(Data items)
-*-*-
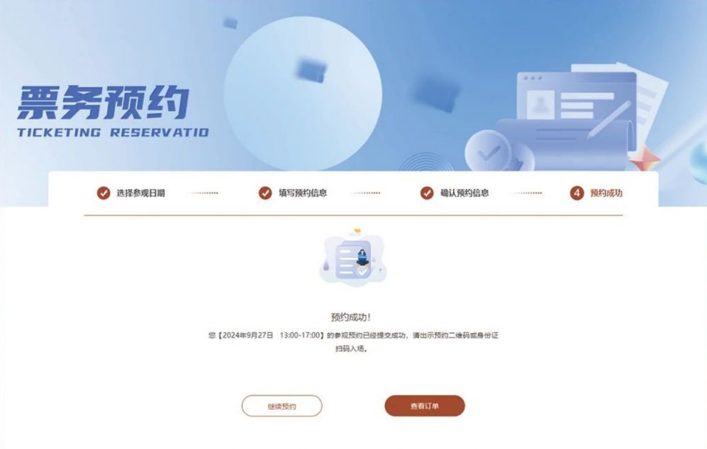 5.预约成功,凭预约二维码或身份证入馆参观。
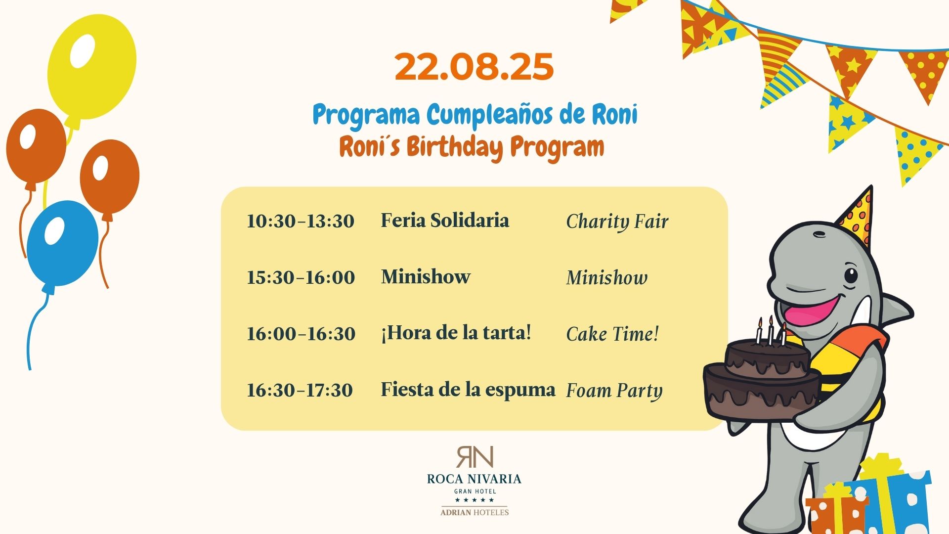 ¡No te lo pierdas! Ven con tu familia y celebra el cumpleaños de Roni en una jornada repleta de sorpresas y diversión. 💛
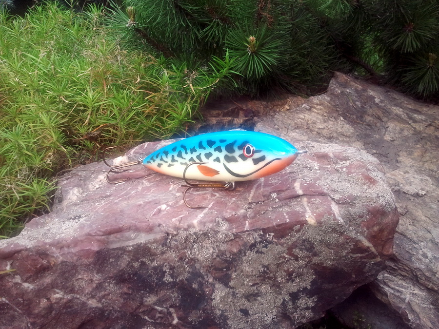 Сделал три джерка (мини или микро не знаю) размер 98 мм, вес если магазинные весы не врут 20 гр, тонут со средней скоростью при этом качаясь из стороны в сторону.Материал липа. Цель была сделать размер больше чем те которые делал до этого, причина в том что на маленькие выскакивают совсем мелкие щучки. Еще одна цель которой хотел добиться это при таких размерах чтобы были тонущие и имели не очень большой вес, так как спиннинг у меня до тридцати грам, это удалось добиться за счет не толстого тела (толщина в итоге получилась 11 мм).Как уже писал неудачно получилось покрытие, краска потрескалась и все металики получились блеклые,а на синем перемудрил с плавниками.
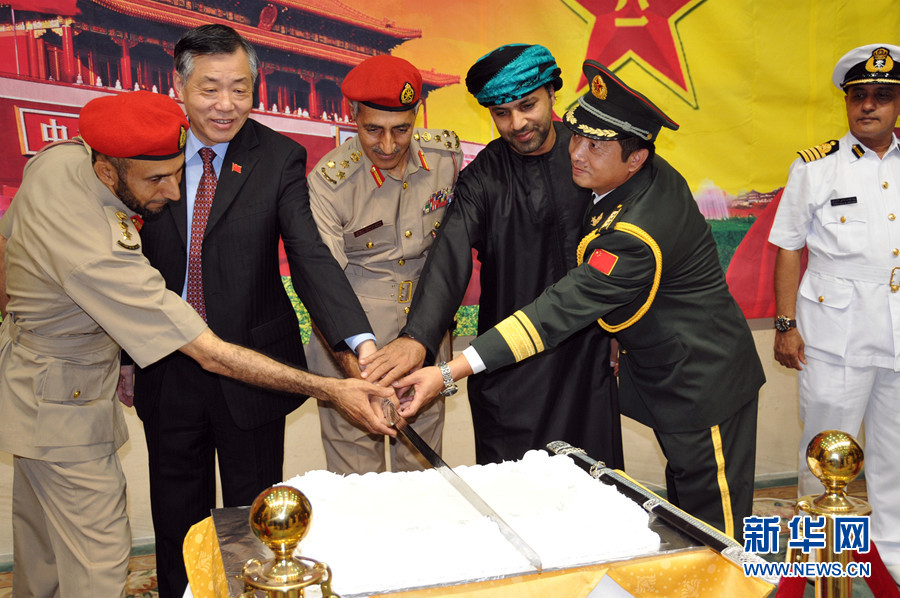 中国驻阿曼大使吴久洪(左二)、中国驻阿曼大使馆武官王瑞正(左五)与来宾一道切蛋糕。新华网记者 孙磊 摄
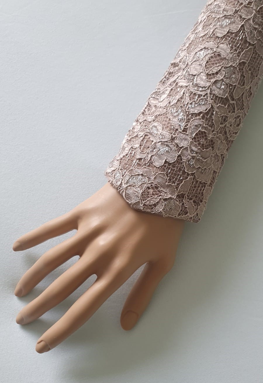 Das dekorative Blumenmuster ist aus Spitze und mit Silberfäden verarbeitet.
-*-*-
Assigned task: The result should be all the records, retyped exactly, with no pictures among them.

Expected answer:
 5.预约成功,凭预约二维码或身份证入馆参观。
 ¡No te lo pierdas! Ven con tu familia y celebra el cumpleaños de Roni en una jornada repleta de sorpresas y diversión. 💛
 Сделал три джерка (мини или микро не знаю) размер 98 мм, вес если магазинные весы не врут 20 гр, тонут со средней скоростью при этом качаясь из стороны в сторону.Материал липа. Цель была сделать размер больше чем те которые делал до этого, причина в том что на маленькие выскакивают совсем мелкие щучки. Еще одна цель которой хотел добиться это при таких размерах чтобы были тонущие и имели не очень большой вес, так как спиннинг у меня до тридцати грам, это удалось добиться за счет не толстого тела (толщина в итоге получилась 11 мм).Как уже писал неудачно получилось покрытие, краска потрескалась и все металики получились блеклые,а на синем перемудрил с плавниками.
 中国驻阿曼大使吴久洪(左二)、中国驻阿曼大使馆武官王瑞正(左五)与来宾一道切蛋糕。新华网记者 孙磊 摄
 Das dekorative Blumenmuster ist aus Spitze und mit Silberfäden verarbeitet.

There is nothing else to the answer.